1/22/2016 – For this week’s newsletter, I talk about winning a wealth manager award and fiduciary responsibility.
2016 Five Star Wealth Manager
Ryan Hughes was recently named a 2016 Five Star Wealth Manager in San Diego. Ryan is the Founder and Portfolio Manager at Bull Oak Capital, an independent advisory firm that provides financial planning and portfolio management services to successful individuals.
The Five Star award recognizes service professionals who provide quality services to their clients. Five Star Professional partnered with San Diego Magazine to find wealth managers who satisfy 10 objective eligibility and evaluation criteria that are associated with wealth managers who provide quality services to their clients.
The Difference Between a Fiduciary Advisor and the Suitability Advisor
The day I received the nice-looking Five-Star plaque for my office (Dec 29, 2015), the market began it’s most recent precipitous fall. Since then, within 3 short weeks, the S&P 500 fell -9.5%, only to bounce back somewhat to (as I currently write this) be down only -5.3%. With this market volatility as a backdrop, I am often reminded of the level of responsibility my clients entrust in me. To put it bluntly, my clients trust me with their wealth. This is no easy thing for an individual to do and I realize this. My job is to honor that trust by doing my job to the best of my ability and by doing them. There are no shortcuts in life, especially when it comes to wealth management. But I do not believe that all financial advisors approach this level of responsibility in the same manner.
Now, more than ever, investors need to be working with an advisor that places their best interests before their own. Wall Street is fraught with brokers and deal-makers that are not required to live up to the Fiduciary Standard, but only the Suitability Standard. What is the difference?
Suitability Standard: Most financial advisors are brokers that work at household name firms (e.g. Merrill Lynch, Morgan Stanley, Edward Jones, etc.). They are subject to the Suitability Standard. The SEC (Securities Exchange Commission) says that the financial advisor “must have a reasonable basis for believing that the recommendations suitable for you.” This is a lower standard than being a fiduciary.
Fiduciary Standard: Advisors (e.g. Registered Investment Advisors such as Bull Oak Capital), are demanded that they place the client’s interest’s ahead of his or her own.
While the difference may not seem like much at first, the results can be drastic.

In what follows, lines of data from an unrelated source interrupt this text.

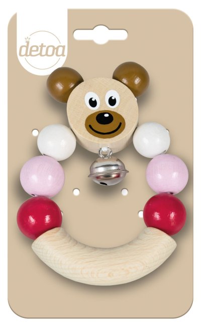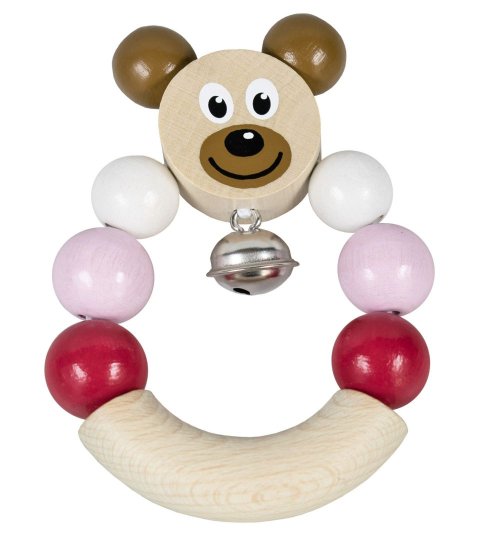 Dřevěné chrastítko s medvídkem v růžové barvě. Snadno uchopitelné, rolnička jemně cinká.
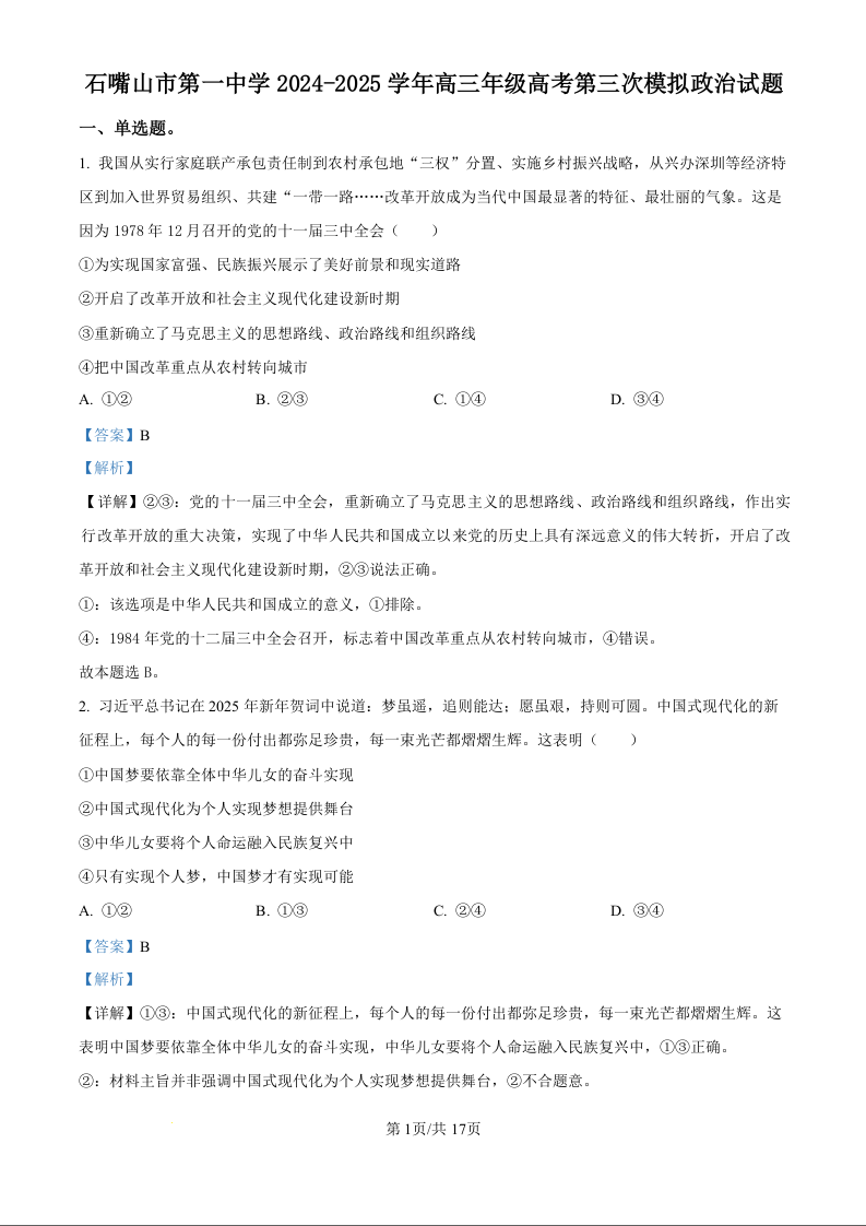 宁夏回族自治区石嘴山市一中2025届高三高考三模考试政治(精品解析版)
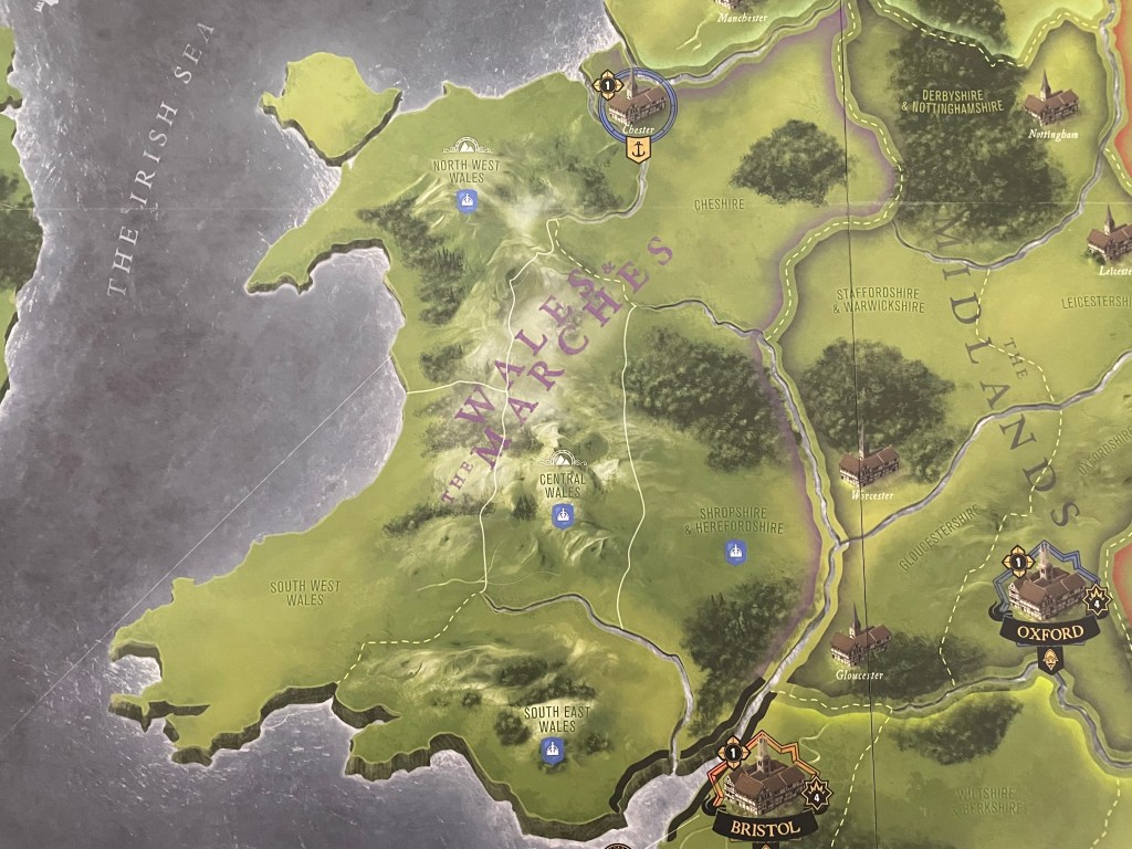 Let’s take a closer look at Bristol. Bristol is a Major City and is fortified and you can tell both by the large black banner and title at the bottom of the city as well as the fortified wall shown around the buildings. If you look at Gloucester just to the north it has no banner and it is classified as a Minor City, the name of the city is smaller and there is no fortification built around the building. The other key with cities is that their allegiance is shown by a color around the outside. In the case of Bristol, the orange tells you that it is loyal to the Parliamentarians. It is very rare to see this kind of detail with cities on a wargame board but I really appreciate the aesthetic that it presents here. It works mainly due to the fact that the board uses area movement but I do like the attention to detail and it really makes the board stand out from other area movement boards we have played on.

Here is an example:
Suppose an adviser can either sell a high-commission product or recommend a no-commission fund, both of which are suitable for you. The fiduciary adviser will be required to recommend the no-commission fund, because he or she always must put your interests ahead of their own. But the non-fiduciary adviser could go either way because both products are suitable. Of course, you will probably be worse off if the adviser selects the high-commission product, since the added costs, often in the 3% to 6% range, tend to reduce the product’s total investment returns.
Think about it: You invest $1 million, your adviser makes $60,000 in an instant (based on a 6% commission), and you’re worse off. Yet his or her conduct is just fine under the suitability standard since the investment was suitable for you. (Source: aaii.com)
If protecting your wealth is not within the Suitability Advisor’s best interest, then why do so many High Net-Worth investors work with them? Simple. They don’t know what they don’t know. If the average HNW individual doesn’t know the difference between the two, then there really isn’t any reason to believe that the HNW individual will make the right decision. Most HNW individuals flock to well-known brokerage houses when seeking financial advice, unbeknownst to them the Suitability Standard.
The SEC is considering making the fiduciary standard an industry-wide requirement, including the broker/dealer financial advisors. This proposal has been 5 years in the making and the SEC recently announced that it would unveil the details of this rule in Oct 2016. However, this rule, if adopted, would dramatically change the way Wall Street operates. Additionally, there has been significant backlash since President Obama directed the DOL to adopt the fiduciary standard.
I am not placing any bets that the SEC rule will come out on time. Too many firms depend upon high commission costs and fund fees to simply allow a law like this to be enforced. Given the more stringent stipulations for investment fiduciaries, there is little question that the fiduciary standard better protects individual and institutional investors, than the suitability standard. It only makes sense to work with somebody that will place your own interests before their own.